Despite its critical role in DA efflux, Flot1 is not necessary for DA uptake²² and Flo is not required in larvae for MPH-induced behavior, consistent with the action of MPH as an uptake inhibitor. Thus, using our assay we can readily screen for and identify factors that specifically mediate behavior caused by AMPH-induced DA efflux rather than by inhibition of DA reuptake. Moreover, because disruption of Flo completely ablates AMPH-induced hyperlocomotion, our results suggest that competition with DA is not a significant pharmacological contributor to this behavioral effect of AMPH.

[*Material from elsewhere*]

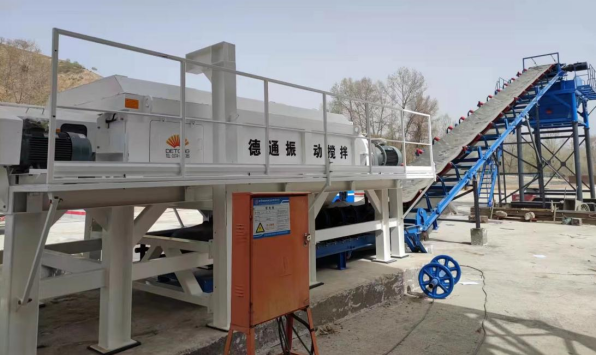 振動(dòng)攪拌采用攪拌軸和攪拌葉片作為振動(dòng)源,在攪拌的同時(shí),攪拌軸、攪拌臂、攪拌葉片同時(shí)釋放激振力。攪拌裝置每分鐘釋放1500次以上的振動(dòng)彈力波,攪拌裝置每次對(duì)混合料撞擊能量達(dá)到靜力攪拌機(jī)至少5倍以上,使水泥等細(xì)集料充分彌散,水泥水化更加充分,水泥水化產(chǎn)物與骨料表面粘結(jié)牢固,強(qiáng)度、耐久性及耐沖刷性等指標(biāo)明顯提升。

In summary, the novel behavioral assay described in this manuscript, combined with the genetic tractability of Drosophila, provides an important tool to dissect DA signaling in vivo. It provides a rapid and efficient approach to probe directly the regulation of hDAT by kinases and other interacting proteins in response to psychostimulant treatment. Identified mechanisms can then be validated and more thoroughly investigated in mammalian models.